→ **Prompt**: Every line from the first record below down to the line that includes "جوارب يوغا صيفية" must be reproduced exactly; the pictures are not.

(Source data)
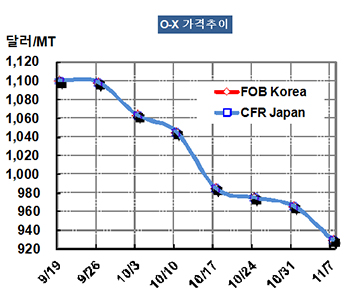 O-X 가격은 11월7일 FOB Korea 톤당 930달러로 36달러 급락했다.
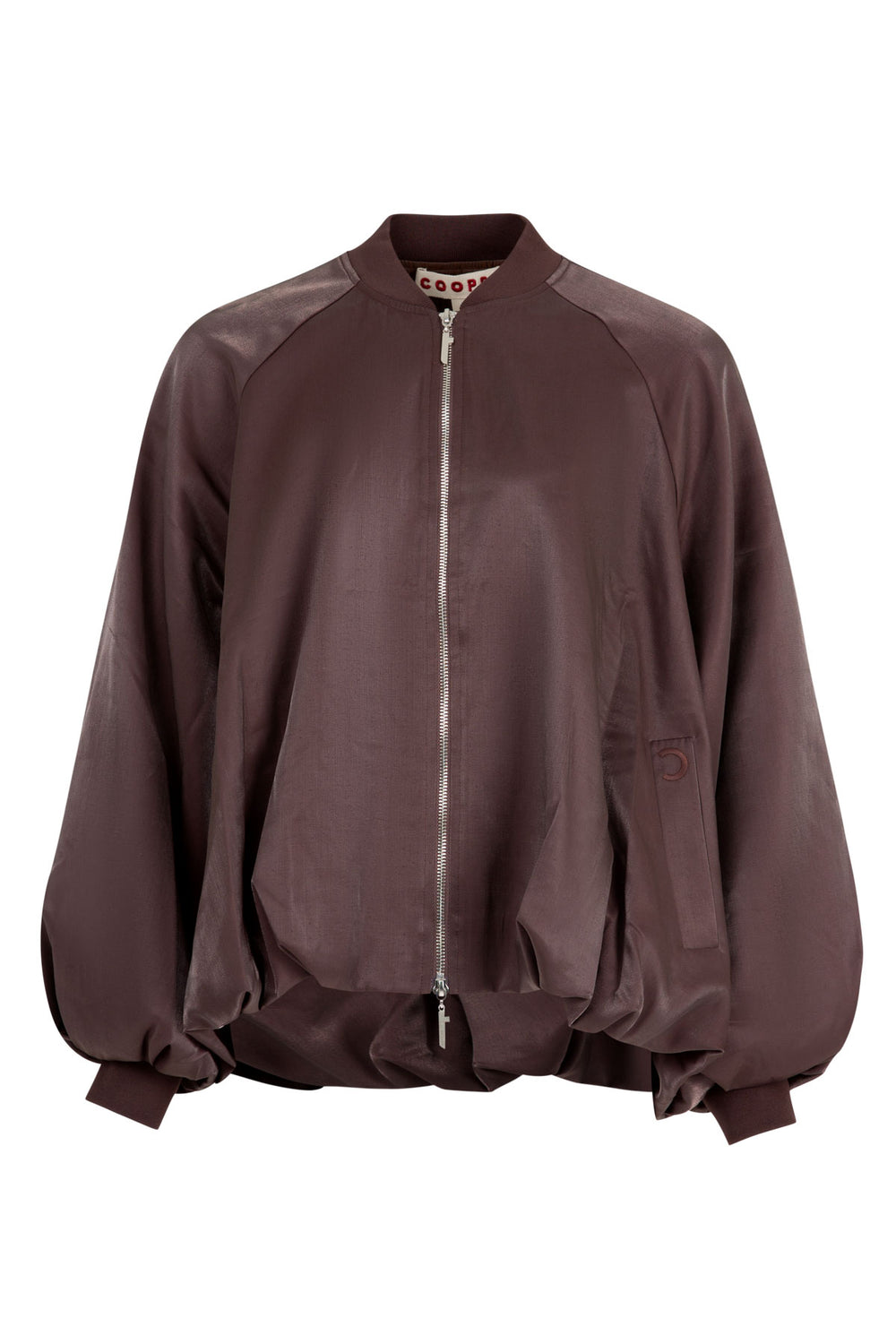 Effortless luxe meets contemporary cool in this ‘Flowerbomb’ bomber style jacket. Crafted from silky lyocell with the ‘Shimmer and Shine’ fabrication, it offers a fluid, refined finish. Featuring a playful balloon hemline and sleeves that add unexpected volume, it zips up the front with ease and is framed by striking contrast jersey neck and cuffs for a polished edge. Perfectly balancing relaxed silhouette with chic details, this jacket is your go-to for modern layering with a sophisticated twist.
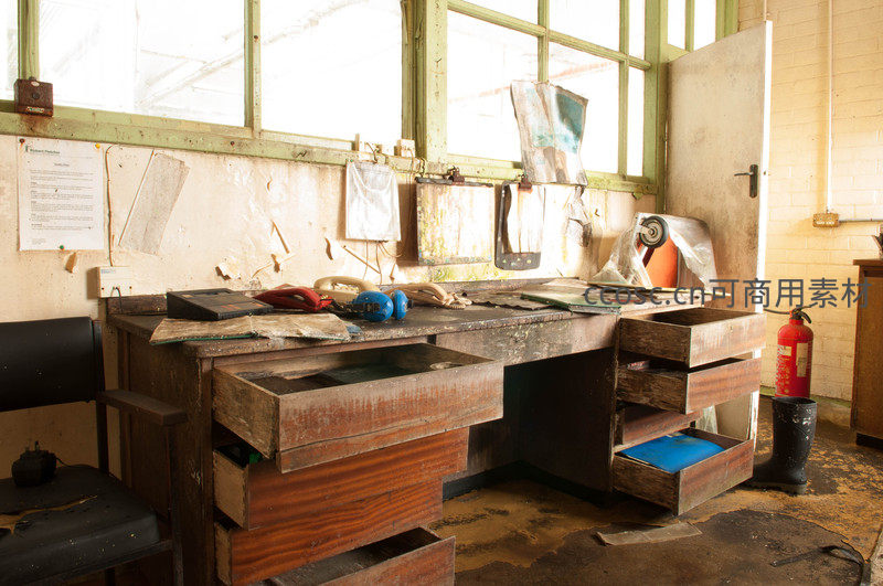 废弃工厂的旧工作台与工具
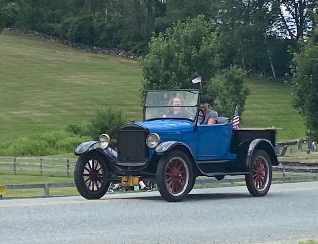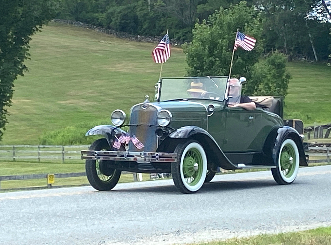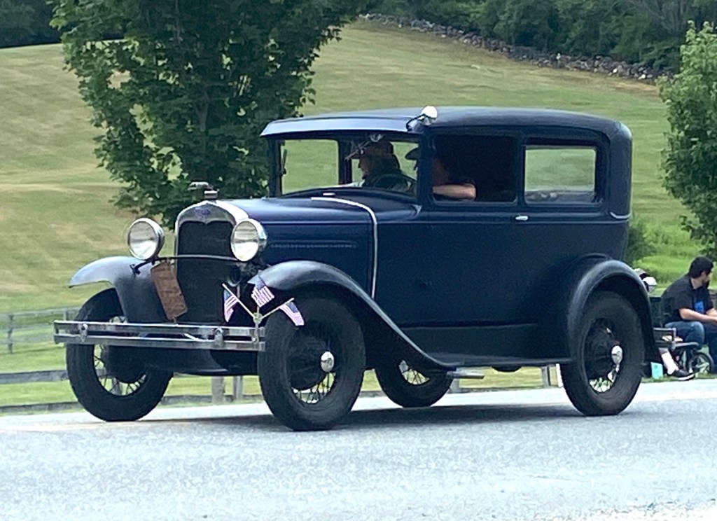 then came some “antique cars.” BLUE BELLE was resting behind me, but in the parade, I have owned or driven most of what was there. First was a 1927 Model T Ford pickup – I learned to drive on my Dad’s 1919 Model T Touring car. Then came a 1930 Model A Ford Tudor Sedan (sold mine a few years ago). And finally was a 1930 Model A Ford roadster. Moved mine with me to NH 20 years ago, selling her only to pay for BLACK BEAUTY’S rehabilitation.
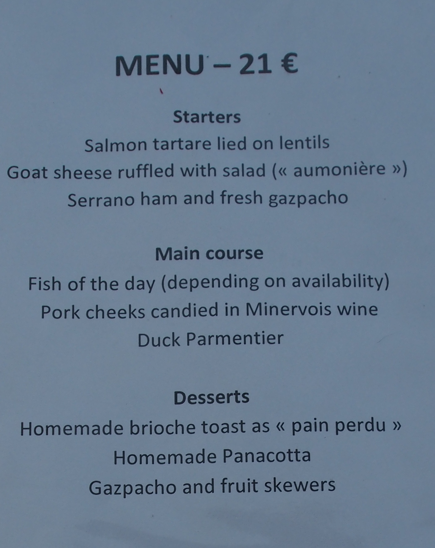 Then it was time for dinner. Wow – great little place just outside the hotel, music during dinner and a wonderful table d’hote – see picture below for the starter, the wine and the dessert which were all excellent. High marks to this restaurant, L’O a la Bouche, my mouth is watering.
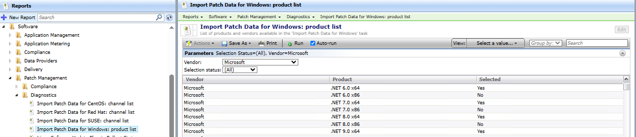 As an administrator, you need to be able to report on the current list of available vendors and products that Patch Management Solution has available, and which ones you have selected.
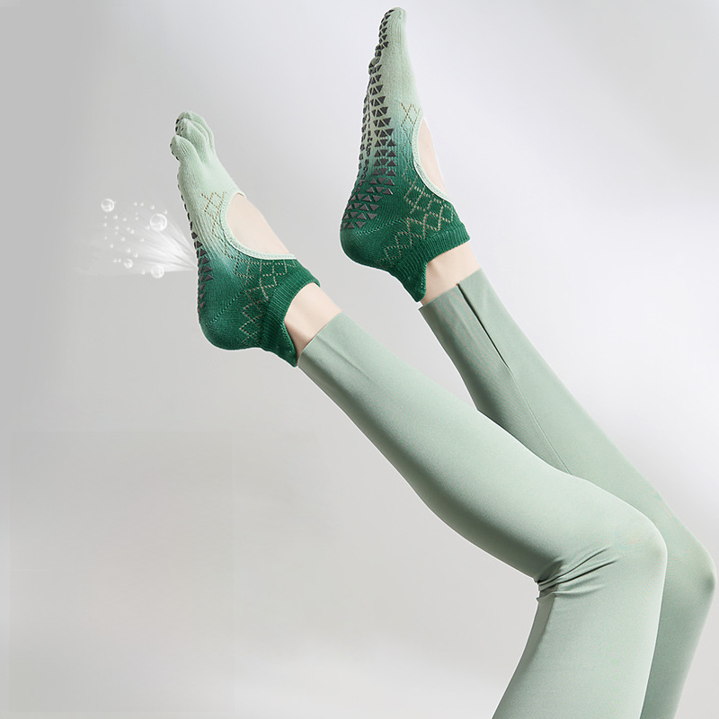 جوارب يوغا صيفية متدرجة جديدة شبكية غير قابلة للانزلاق جوارب نسائية احترافية بخمسة أصابع جوارب بدون ظهر مقسمة إلى أصابع بيلاتيس
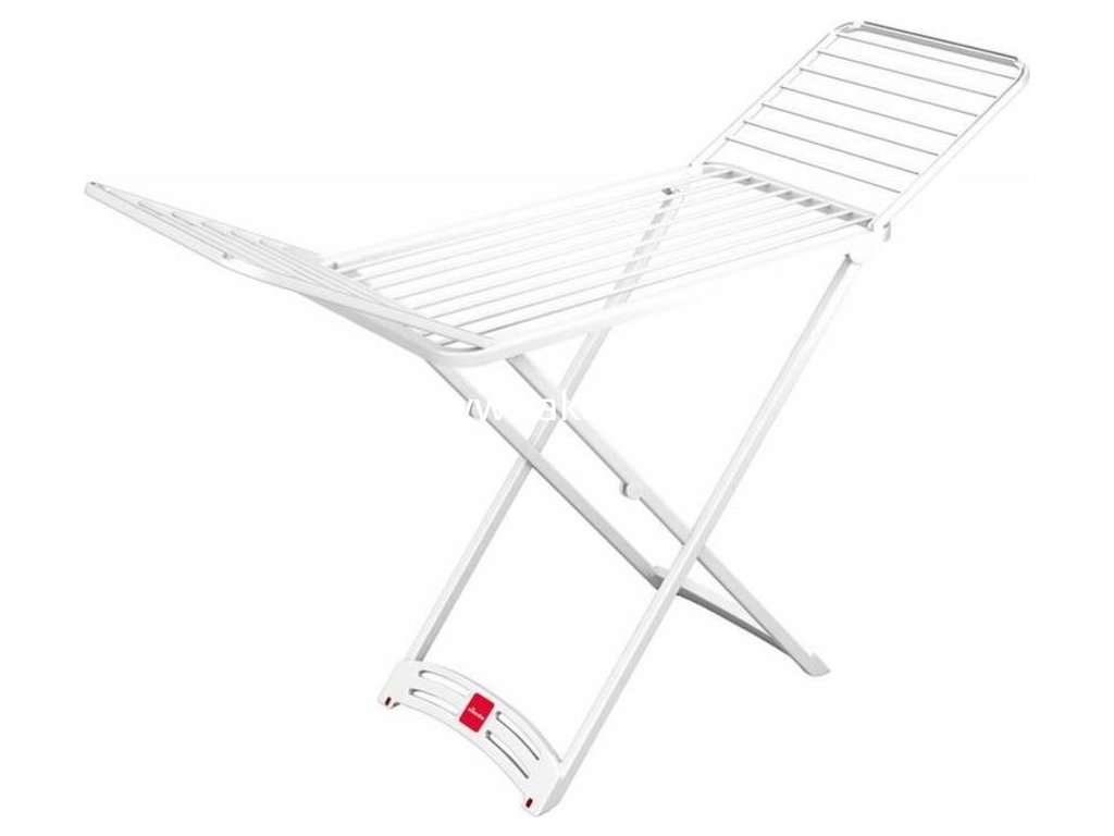 Použitý materiál zaisťuje stabilitu a robustnosť sušiaku, čo vám umožní jednoducho a bezpečne zavesiť bielizeň. Praktické použitie vďaka kolieskam, ktoré vám umožnia jednoduché premiestňovanie i pri naplnenom sušiaku, navyše je vybavený bezpečnostnou poistkou, ktorá zabraňuje akémukoľvek náhodnému zloženiu.
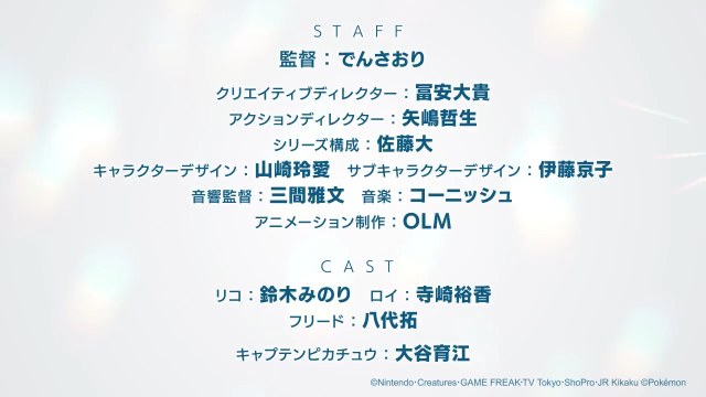 而負責開發《寶可夢 朱/紫》改編動畫的製作團隊名單,也在這一次的預告影片當中同步釋出。監督的部份是由參與過《JoJo的奇妙冒險 石之海 Part.2》原畫的傳沙織擔任,而創意導演與動作導演則是分別由富安大貴、矢嶋哲生負責,另外系列構成則是為佐藤大擔任。
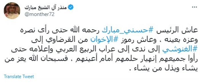 وكتب في تغريدة عبر "تويتر" رصدها "المشهد العربي": "عاش الرئيس حسني مبارك رحمه الله حتى رأى نصره وعزه بعينه".
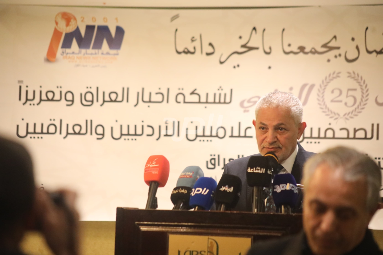 وفي كلمة له خلال الحفل، رحب مندوب وزير الاتصال الحكومي الدكتور زيد النوايسة بالحضور الكرام، معبراً عن سعادته بهذا التجمع الإعلامي الأردني العراقي الأخوي. ودعا الوزير في كلمته لمزيد من التقدم والازدهار لشبكة أخبار العراق، ولجميع وسائل الإعلام الأردنية والعربية، مثمناً الجهود الكبيرة التي تبذلها في نقل الحقيقة. وشدد الدكتور النوايسة على الدور المحوري والمهم الذي يلعبه الإعلام في وقت تشهد فيه المنطقة ظروفاً دقيقة واستثنائية، مؤكداً أن الإعلام اليوم مطالب بحمل رسالة قوية وواضحة تجاه ما يجري من أحداث، وأن تكون التوجيهات المهنية والرسائل الإعلامية في مختلف البلدان موجهة نحو تعزيز وحماية المواطنين، والمساهمة الفاعلة في ربط حياتهم اليومية بقضايا مجتمعهم وأمتهم، ونقل الصورة الحقيقية بأمانة ومسؤولية.
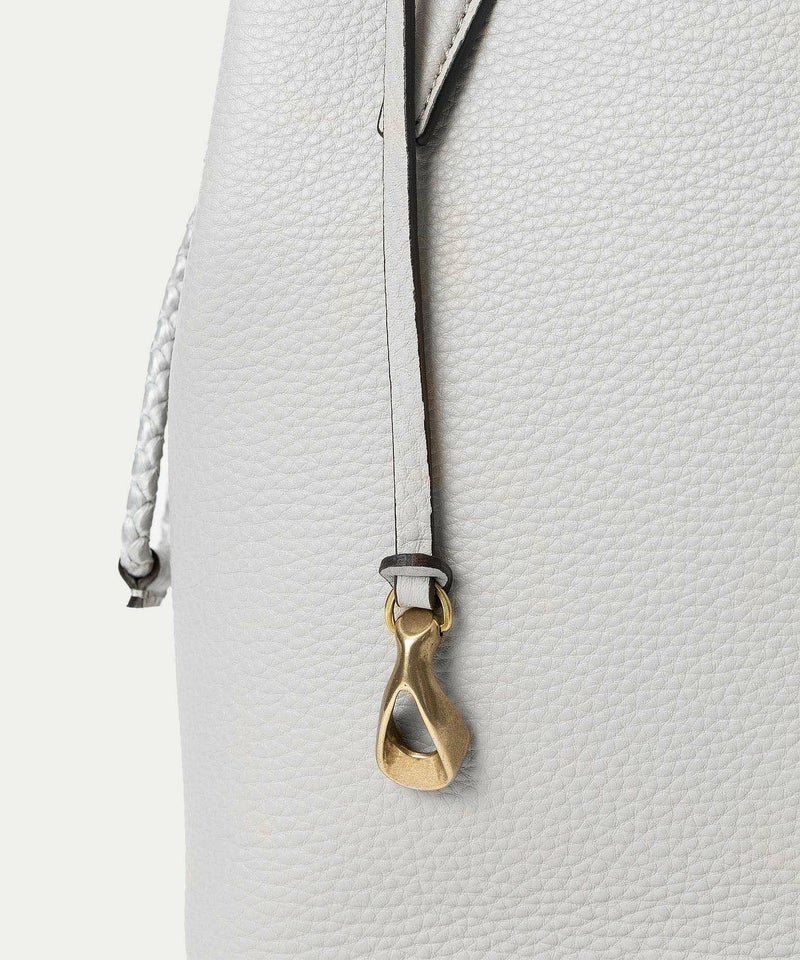 シボ感が美しい「シュリンクレザー」を纏ったフォルムの変化に、柔軟な曲がり方で自然に寄り添う、ドローストリングショルダーバッグS。肉厚で丈夫なハンドルによる手持ちと、取り外し可能なショルダーベルトによる肩掛けの2WAYで、気分やスタイルに合わせて持ち歩くことができます。前面とマチを一枚革で仕立てたボディは、ハギ(繋ぎ目)のない滑らかなシルエットが魅力。また、ハンドルとの接続を、縫製ではなくリベット式にすることで、よりスッキリとした軽快な印象へと引き立てています。
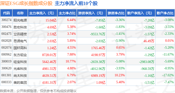 资金流向方面,深证ESG成长(970060)指数成份股当日主力资金净流入合计4.12亿元,游资资金净流出合计5.03亿元,散户资金净流入合计9076.25万元。成份股资金流向详情见下表:
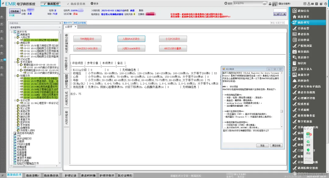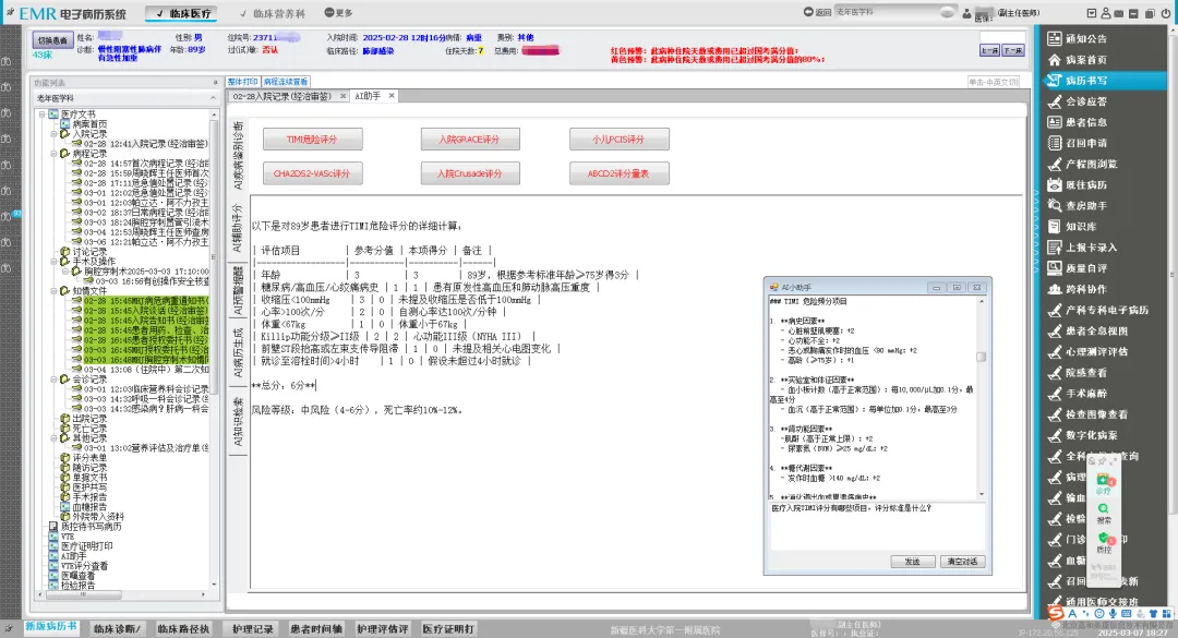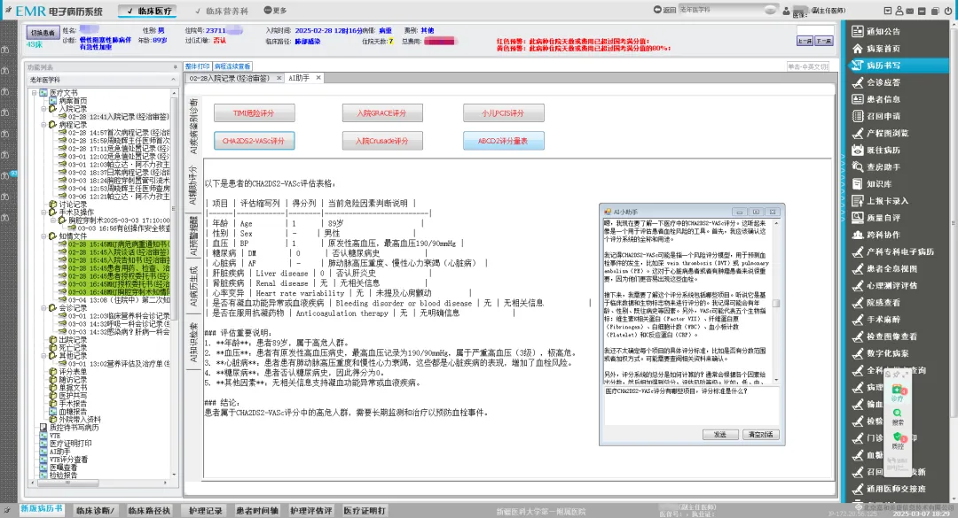 同时,该模型还能针对患者信息进行精准的医学评估,如“TIMI危险评分”“入院GRACE评分”“CHA2DS2-VASc评分”等,为临床决策提供有力依据。对于新入科的医生,医院贴心地提供了AI小助手,其基于前期收集的丰富知识库,能够为年轻医生提供专业的医学指导,帮助他们快速查询医学知识,提升业务水平,助力医院人才队伍的建设与发展。
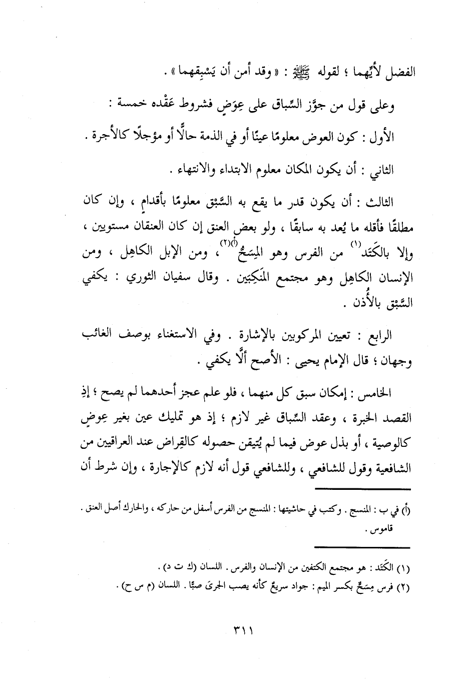 الثالث: أن يكون قدر ما يقع به السَّبق معلومًا بأقدامٍ، وإن كان مطلقًا فأقله ما يُعد به سابقًا، ولو بعض العنق إن كان العنقان مستويين، وإلا بالكَتَد (¬1) من الفرس وهو المِسَحُّ (أ) (¬2)، ومن الإبل الكاهِل، ومن الإنسان الكاهِل وهو مجتمع المنَكِبَين. وقال سفيان الثوري: يكفي السَّبق بالأُذن.
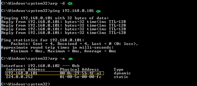 The First step is to clear the ARP Cache of both the host by typing following command in command prompt arp -d for Host A. Then Ping the Host A for the reply. Now type command arp -a, this will show you the physical (MAC) address of the Host A Machine.
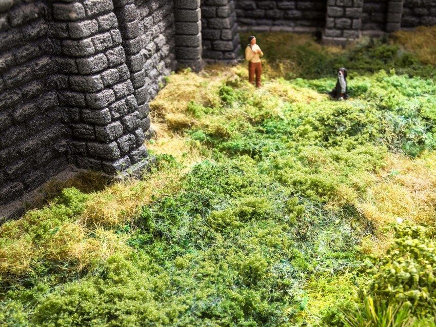 Wiesen-Foliage: Die Wiesen-Foliage wird ebenfalls elektrostatisch beflockt. Dabei kommen im Vergleich zur Wildgras-Foliage etwas kürzere Fasern zum Einsatz. Die Wiesen-Foliage findet dann auch in allen Bereichen Einsatz, in denen der Mensch in den natürlichen Pflanzenwuchs eingreift. Beispiele sind Wiesen und Weiden sowie landwirtschaftlich genutzte Flächen.
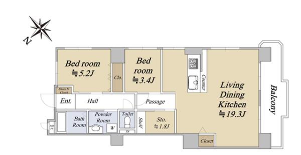 | 専有面積 | 68.06m2 | 間取り | 2SLDK ※Sはサービスルーム(納戸) |

→ **Result for this exercise**:
 O-X 가격은 11월7일 FOB Korea 톤당 930달러로 36달러 급락했다.
 Effortless luxe meets contemporary cool in this ‘Flowerbomb’ bomber style jacket. Crafted from silky lyocell with the ‘Shimmer and Shine’ fabrication, it offers a fluid, refined finish. Featuring a playful balloon hemline and sleeves that add unexpected volume, it zips up the front with ease and is framed by striking contrast jersey neck and cuffs for a polished edge. Perfectly balancing relaxed silhouette with chic details, this jacket is your go-to for modern layering with a sophisticated twist.
 废弃工厂的旧工作台与工具
 then came some “antique cars.” BLUE BELLE was resting behind me, but in the parade, I have owned or driven most of what was there. First was a 1927 Model T Ford pickup – I learned to drive on my Dad’s 1919 Model T Touring car. Then came a 1930 Model A Ford Tudor Sedan (sold mine a few years ago). And finally was a 1930 Model A Ford roadster. Moved mine with me to NH 20 years ago, selling her only to pay for BLACK BEAUTY’S rehabilitation.
 Then it was time for dinner. Wow – great little place just outside the hotel, music during dinner and a wonderful table d’hote – see picture below for the starter, the wine and the dessert which were all excellent. High marks to this restaurant, L’O a la Bouche, my mouth is watering.
 As an administrator, you need to be able to report on the current list of available vendors and products that Patch Management Solution has available, and which ones you have selected.
 جوارب يوغا صيفية متدرجة جديدة شبكية غير قابلة للانزلاق جوارب نسائية احترافية بخمسة أصابع جوارب بدون ظهر مقسمة إلى أصابع بيلاتيس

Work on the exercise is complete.